But suppose the parser/application is OOXML-aware and correctly decodes these character references into the correct Unicode values, then what? Assuming the host language doesn’t crash from the existence of this control characters, we then are presented with problems at the interface with any other code that operates on the DOM. Suppose we try to transform the DOM via XSLT to XHTML. Will the XSLT engine properly handle the existence of these forbidden character values? The XSLT engine may just crash. But suppose it doesn’t. How does it write out these control characters into XHTML? It can’t. These values are not permitted in XHTML. Dead end. What about DocBook? DITA? OpenDocument Format? Not possible. Since these characters are not permitted in XML 1.0 at all, they will be forbidden in all other markup languages that are based on XML 1.0, or even XML 1.1 for that matter (XML 1.1 allows some but not all of these characters, in particular the NULL character is excluded).
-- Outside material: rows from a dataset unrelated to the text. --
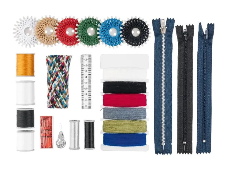 | Materiaal: | Katoenen naaigaren: 100 % katoen; Jeansnaaldraad: 100 % polyamide; Speciale stergaren: 100 % polyester; Universeel stopnaaldraad: 100 % polyacryl; Transparant naaigaren: 100 % polyamide; Naaigarenvlecht: 100 % polyester |
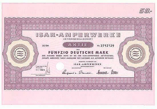 Fondata nel 1908 con l’acquisizione di “Industrielle Unternehmungen GmbH” e “Süddeutsche Wasserwerke AG”. A quel tempo, due centrali idroelettriche e una centrale a vapore alimentavano 24 città con ca. 3.000 clienti di energia elettrica. Negli anni 1909/10 avvio delle centrali idroelettriche di Unterbruck e Kranzberg, nel 1923 fondazione della “Neue Amperkraftwerke AG, München” per la costruzione della centrale idroelettrica di Haag. Nel 1932, questa joint venture, come la “Bayerische Überlandzentrale AG, Monaco”, si fonde in Amperwerke, il cui principale azionista era la Society for Electrical Enterprises (Gesfürel) di Berlino. II Isarwerke AG: fondata nel 1921 come filiale della Isarwerke GmbH (fondata nel 1894 con la partecipazione significativa della famiglia bancaria von Finck) per costruire la centrale idroelettrica Mühltal. Nel 1952, la AG ha rilevato l’intera attività elettrica della GmbH, che ora era attiva solo come holding. Successivamente fu aggiunta una centrale a vapore e una seconda centrale idroelettrica fu costruita a Pullach an der Isar nel 1902-04. III. Isar-Amperwerke AG: nel 1955 si fondono Amperwerke AG e Isarwerke AG. Negli anni 1954-56 ampliamento delle centrali a vapore di Höllriegelskreuth e Zolling-Anglberg. Anche la centrale a vapore di Irsching (1969), la centrale nucleare di Essenbach bei Landshut (1977, con il partner Bayernwerk), la centrale nucleare di Isar I (1979) e la centrale nucleare di Isar II (1988). Inizialmente oltre i 3/4, in seguito quasi il 50% del capitale di Isar-Amperwerke era detenuto da Isarwerke GmbH (che a sua volta era posseduta al 45% da Merck, Finck & Co. a Monaco, al 25% da RWE e al 10% da Allianz). Nel 2000 Bayernwerk e PreußenElektra si sono fuse per formare E.ON Energie AG. Questa ora possedeva direttamente e indirettamente la maggioranza dei tre quarti della Isar-Amperwerke AG, che nel 2001 fu ribattezzata E.ON Bayern AG. Allo stesso tempo, le precedenti grandi aziende del Bayernwerk (compresa la centrale terrestre della Bassa Franconia, la fornitura di energia della Baviera orientale, la fornitura di energia della Alta Franconia, la centrale di Norimberga, ecc.) sono state introdotte in E.ON Bayern AG. Ancora quotato in borsa oggi.
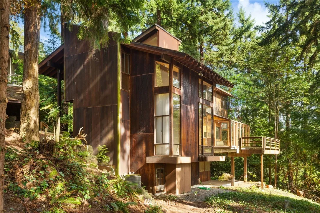 +"PublicRemarks": "Location!Welcome home to this sought after home located in Medina and the Bellevue Schools.A mid-century inspired custom one owner home with 3 current bedroom spaces,1.5 baths,on a shy 1/2 acre lot in Medina proper.Soaring vaulted ceilings w/exposed beams and spiral staircase spans all three floors.Unfinished basement with high ceilings and plumbed great for bedroom/rec-room and 3rd bath.Huge windows taking full advantage of the Meydenbauer Bay lake views. Don't skip this one!"
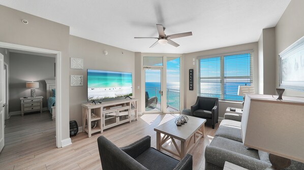 Aqua Resort / Luxury 17th-Floor Beachfront Condo / Gulf-Front Primary / Sleeps 4-6. Discover your ideal beach retreat in this elegant 17th-floor condo at Aqua Resort. Designed for relaxation and style, this beautifully appointed beachfront unit features stunning Gulf views, premium finishes, and all the comforts of home - perfect for couples, small families, or a relaxing getaway for friends. Why You'll Love This Condo: Gulf-Front Primary Suite: Wake up to panoramic water views from the king bedroom, complete with an en-suite bath featuring a glass-enclosed shower, double vanity, and generous storage space. Additional Sleeping Area: A cozy daybed in the guest room provides a comfortable space for an additional guest or child, with access to the shared hallway bathroom. Private Gulf-View Balcony: Step out onto your spacious terrace and soak in the sights and sounds of the Emerald Coast from 17 floors up - ideal for morning coffee or sunset watching. Fully Equipped Kitchen: Prepare meals with ease in the well-stocked kitchen, featuring granite countertops, stainless steel appliances, and everything needed for home-cooked meals. Stylish, Light-Filled Living Area: Floor-to-ceiling windows flood the space with natural light, framing incredible ocean views from nearly every angle. Conveniences of Home: Includes an in-unit washer and dryer, smart TVs, high-speed Wi-Fi, and comfortable furnishings to make your stay effortless. ️ Resort Amenities at Aqua: Gulf-Front Pools & Hot Tubs: Choose from multiple resort-style pools, including indoor/outdoor heated options and relaxing hot tubs. Fitness Center with Gulf Views: Stay active with state-of-the-art equipment while overlooking the beach. Beach Chair Service Included: Enjoy complimentary setup of four chairs and and two umbrellas daily from March 15 to October - a $500 value, included with your stay. Important Information: Primary renter must be 25 or older and present throughout the stay. No pets, smoking, vaping, or party groups permitted. Extended stays (15+ nights) may require a non-refundable deposit. Travel insurance is strongly recommended during hurricane season (June - November). Starting January 1, 2025: All guests must pre-register vehicles using a link provided after booking. Aqua allows up to two vehicles per unit. Onsite parking is $50 per vehicle, per stay. This is an Aqua Resort policy and not set by the rental manager. The Warren Beach Rentals Advantage: When you book with Warren Beach Rentals, you're getting more than a vacation rental - you're getting peace of mind. We are a locally owned company that specializes in luxury beachfront rentals across PCB, 30A, and Destin. Every home is hand-picked and maintained to the highest standards. We provide: Keyless check-in - no lines, no hassle. Pre-arrival inspections - what you see is what you get. High-end linens & towels: 24/7 local guest support. We make sure your stay is exactly as perfect as the pictures! Whether you're planning a relaxing beach escape or a romantic Gulf-front getaway, this Aqua Resort condo offers the perfect balance of luxury and convenience. With unbeatable views, easy access to the sand, and everything you need for a seamless vacation, your dream coastal experience starts here. Reserve your stay today and enjoy the best of Panama City Beach at Aqua 1710.
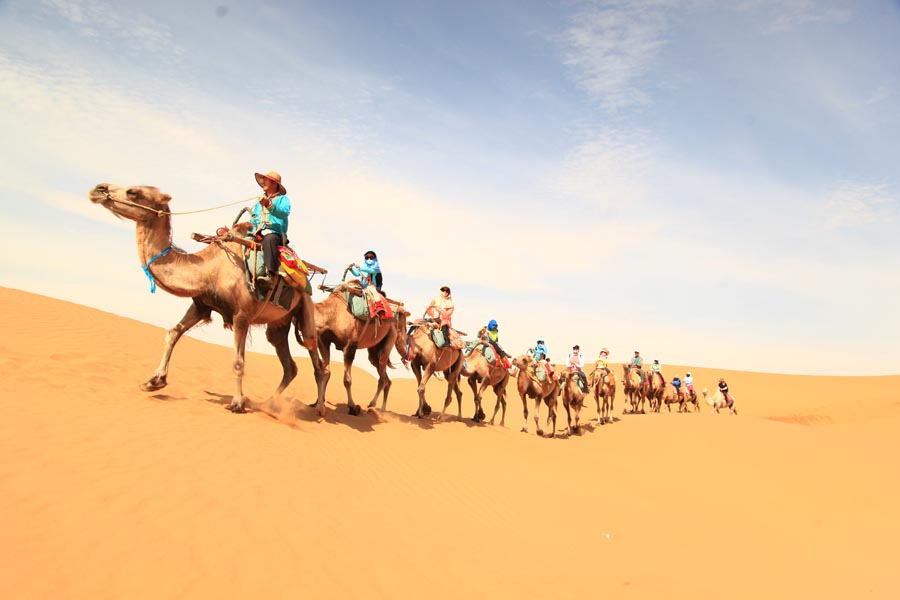 Children ride on camels on the Tengger Desert in Zhongwei in the Ningxia Hui autonomous region during a previous summer vacation. [Photo provided to China Daily]
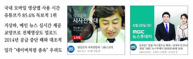 이 때문일까. 최근 유튜브에 뉴스 콘텐츠를 올리는 방송사들이 늘어나고 있다. 2013년 YTN의 뒤를 이어 JTBC, SBS가 뉴스 콘텐츠를 올리더니 올해 들어 MBC와 KBS까지 메인 뉴스를 실시간으로 제공하고 있다. 뉴스뿐만 아니다. MBC와 KBS의 경우 ‘PD수첩’ ‘추적60분’ 등 시사교양 프로그램 전체영상을 유튜브에 올리고 있다. 지난 2014년 12월 MBC, SBS, 종합편성채널 4사 등을 포함한 온라인·모바일 광고대행사 스마트미디어렙(SMR)이 광고 직접영업권을 두고 유튜브와 ‘밀당’을 하다 콘텐츠 공급을 중단한 것과 비교하면 대조적인 흐름이다.
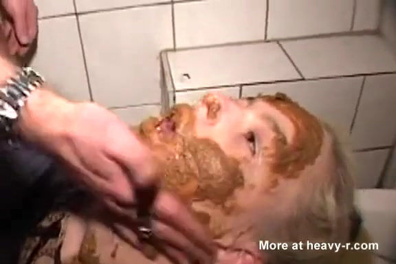 Hairy guy is pooping a big amount of shit on blonde girlfriend's face.
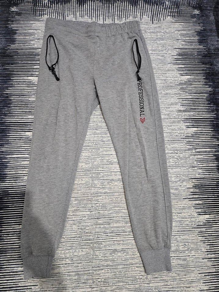Gri renk, fermuarlı cepli, sentetik kumaştan yapılmış bol kesim erkek spor eşofman altı. Yanında "PROFESSIONAL" yazısı bulunur. Spor ve günlük kullanıma uygundur. bedenini tam olarak bilmiyorum ama 80 ila 85 kg arasındaki kişiler için uygundur
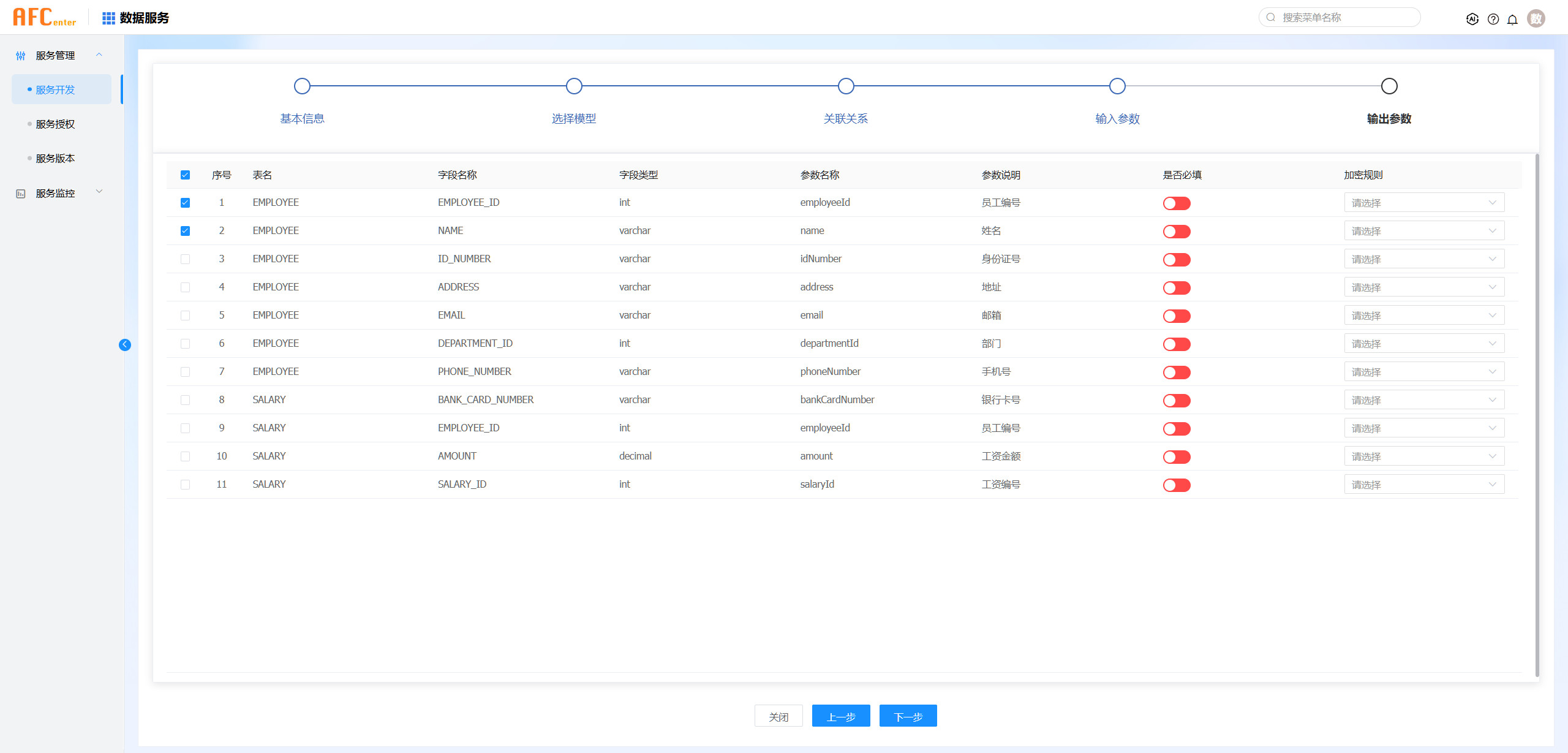 4) 最后一步配置输出参数,系统会根据sql的测试结果展示所有返回值的情况,用户可以选择返回字段进行结果过滤,也可以配置输出字段的加密脱敏规则。此处配置与模型服务相同。配置完成后点击“提交”按钮即可完成服务配置。
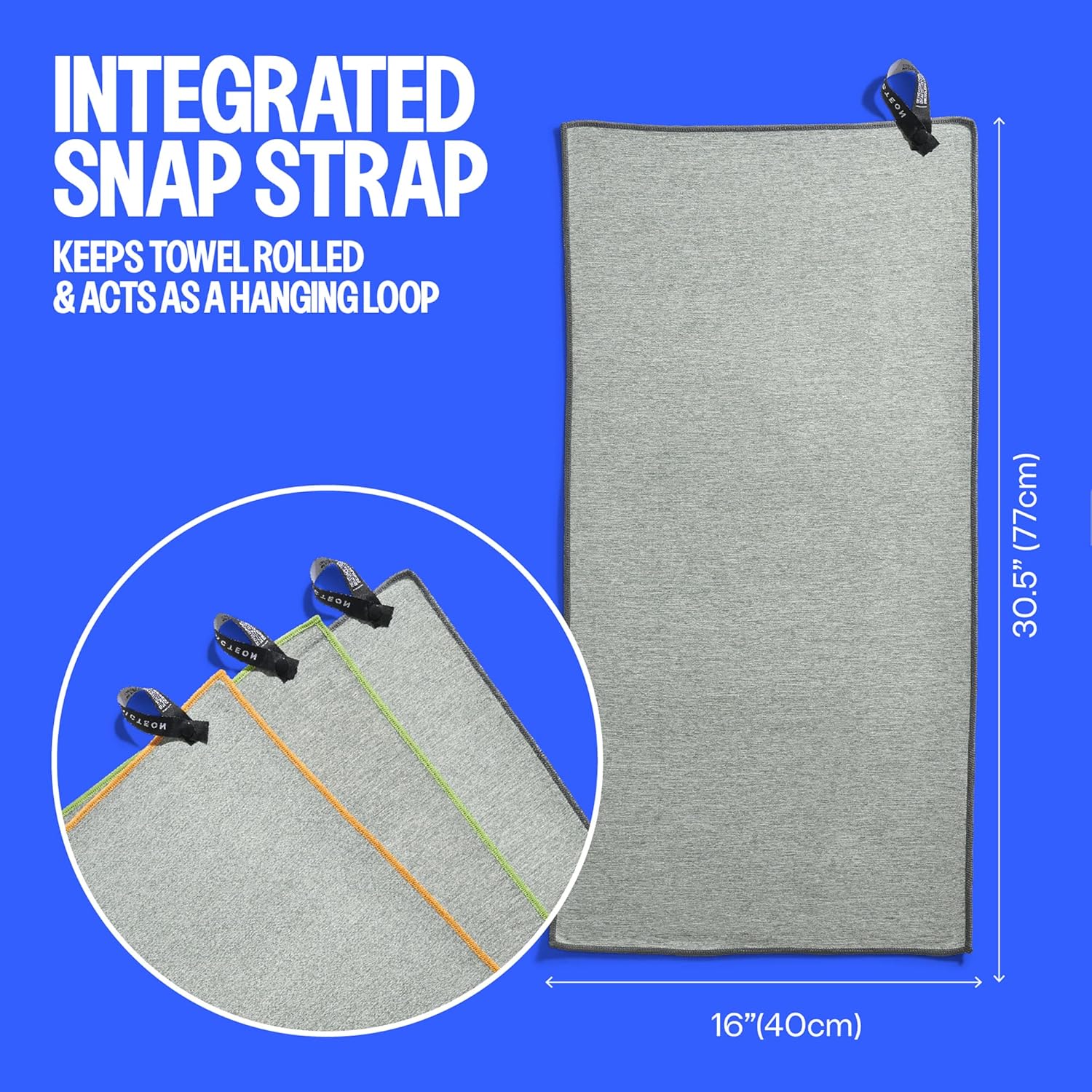 - ULTRA COMPACT, LIGHTWEIGHT, STAY CLEAN WITH HANGING LOOP: With an integrated snap strap closure that doubles as a hanging loop over the door, your backpack, or bottle. the large thin towel rolls up into a packable travel-friendly size. Perfect for anyone who travels light.
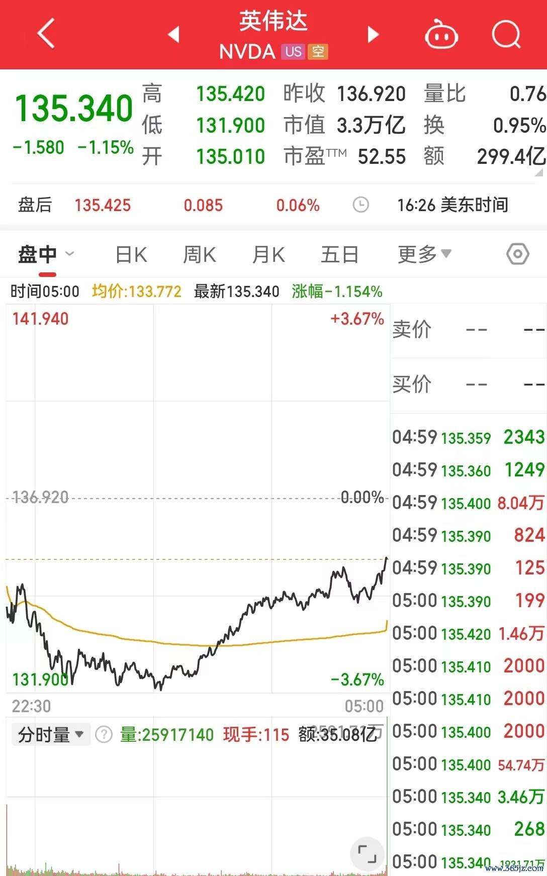 “科技七姐妹”多數(shù)下跌。特斯拉跌1.58%;谷歌A漲0.07%;蘋果跌0.06%;Meta跌0.761%;亞馬遜跌1.02%;英偉達(dá)一度跌超3.5%,截至收盤跌1.15%。
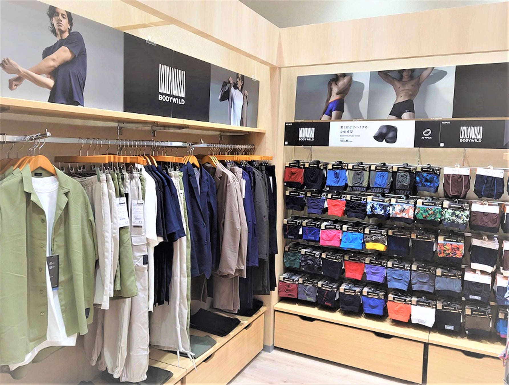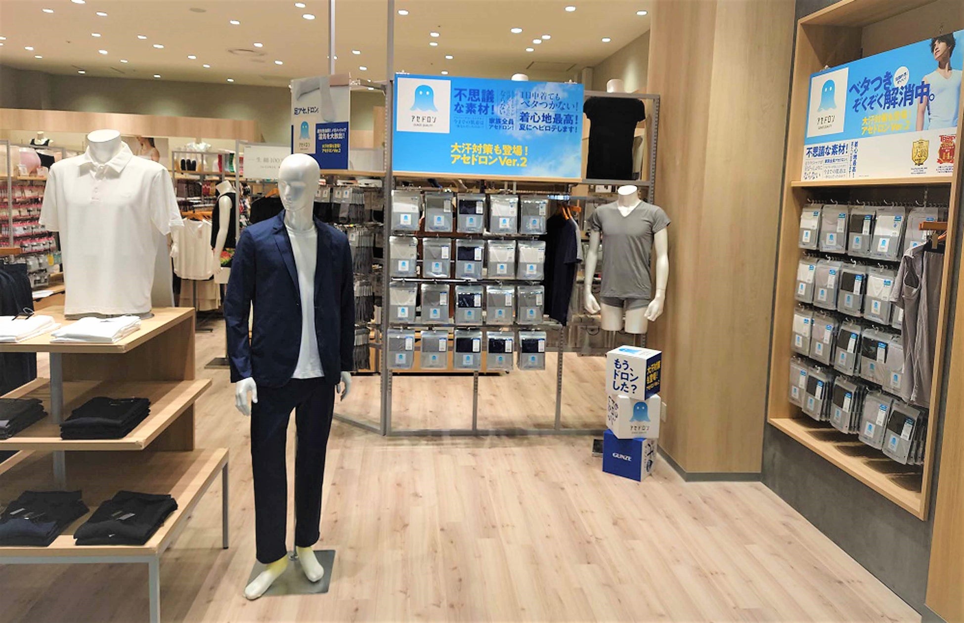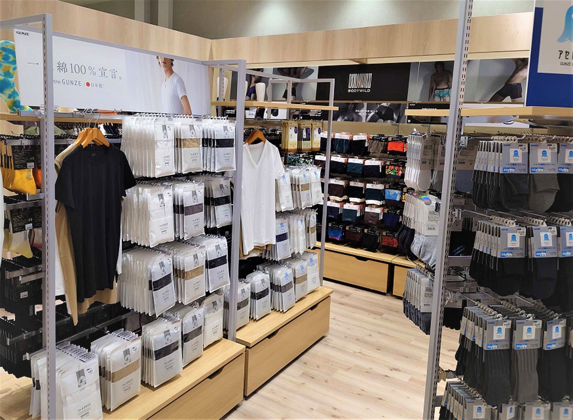 「GUNZE ららぽーと安城店」では、メンズブランド「BODY WILD(ボディワイルド)」のボクサーパンツやアウターウェア、縫い目がない完全無縫製でやさしい着心地を実現した「KIREILABO (キレイラボ)」のレディースインナーなど、デイリーで活躍する幅広いアイテムをラインアップ。さらに、天然素材にこだわった究極のベーシックインナー「the GUNZE」などのグンゼオンラインストア・直営店限定商品や、グンゼ最高クラスの”汗解消”テクノロジー「アセドロン」などお客さまのニーズに応える商品を豊富に取り揃えています。
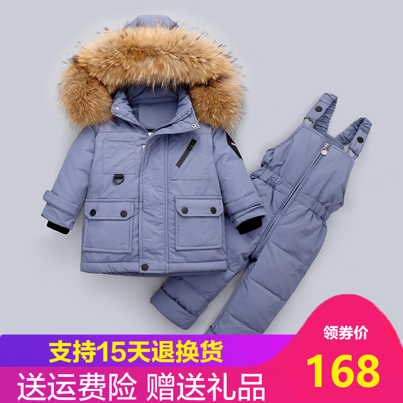 Baby's feather jacket boy suit children's pants thickening baby 1 - 5 year old baby winter coat Bala
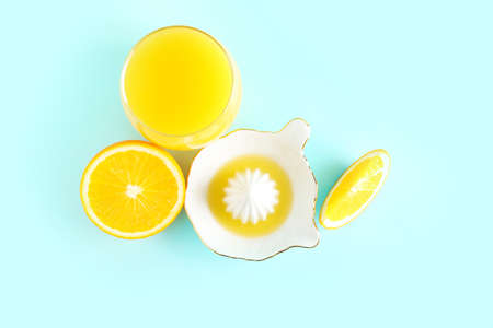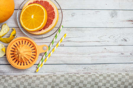 Fresh slices citrus fruit and orange manual juicer on light wooden table. Top view. With copy space.
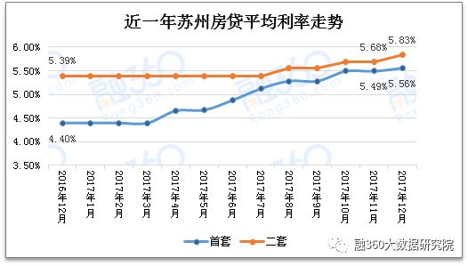 融360监测数据显示,2017年12月苏州首套房贷款平均利率为5.56%,较11月监测数据(二套房平均利率5.49%),上浮0.07个百分点,二套房贷款平均利率为5.83%,较11月监测数据(二套房平均利率5.68%),上浮0.15个百分点。
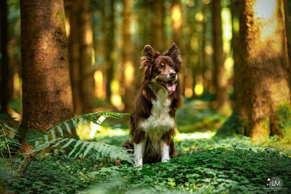Draussen oder beim Arbeiten wandelt sie sich zum temperamentvollen Powerpaket. Ich staune immer wieder wie schnell sie lernt und mitdenkt. Ihren ausgeprägten Jagdtrieb (Wild) konnte ich mit viel Training kanalisieren, heute ist sie gut kontrollierbar. Gewitter-/Geräuschangst ist kein Thema bei ihr.
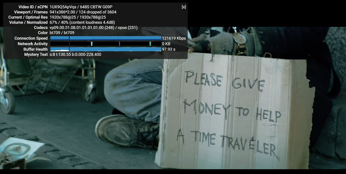 ooo YouTube added Mystery Text to their "Stats for Nerds" option on the videos (right click the video to get there). Catnip! https://t.co/U4mOtkSuq6

Note further that with XML pipelining and with mashups, the application that writes XML output typically does not have direct knowledge of the application that originally produced the XML values. This decoupling of producers and consumers is an essential aspect of modern systems integration, include Web Services. By corrupting XML string values in the way that it does, DIS 29500 breaks the ability to have loosely coupled systems. Once the value space is polluted by these aberrant control characters, every application, every process that touches this data must be aware of their non-standard idiosyncrasies lest they crash or return incorrect answers. In this way, one standard perverts the entire XML universe, forcing them all to contend with the poor hygiene of a single vendor.

The reader might think that I exaggerate the importance of this, that surely ST_Xstring is only used in OOXML in edge cases, in rare, compatibility modes. We wish that this were true. However, a look at the DIS 29500 shows that ST_Xstring is pervasive, and in fact is the predominant data type in SpreadsheetML, used to express the vast majority of spreadsheet content, including cell contents, headers, footers, displays strings, error strings, tooltip help, range names, etc. Any application that operates on an OOXML spreadsheet will need to deal with this mess.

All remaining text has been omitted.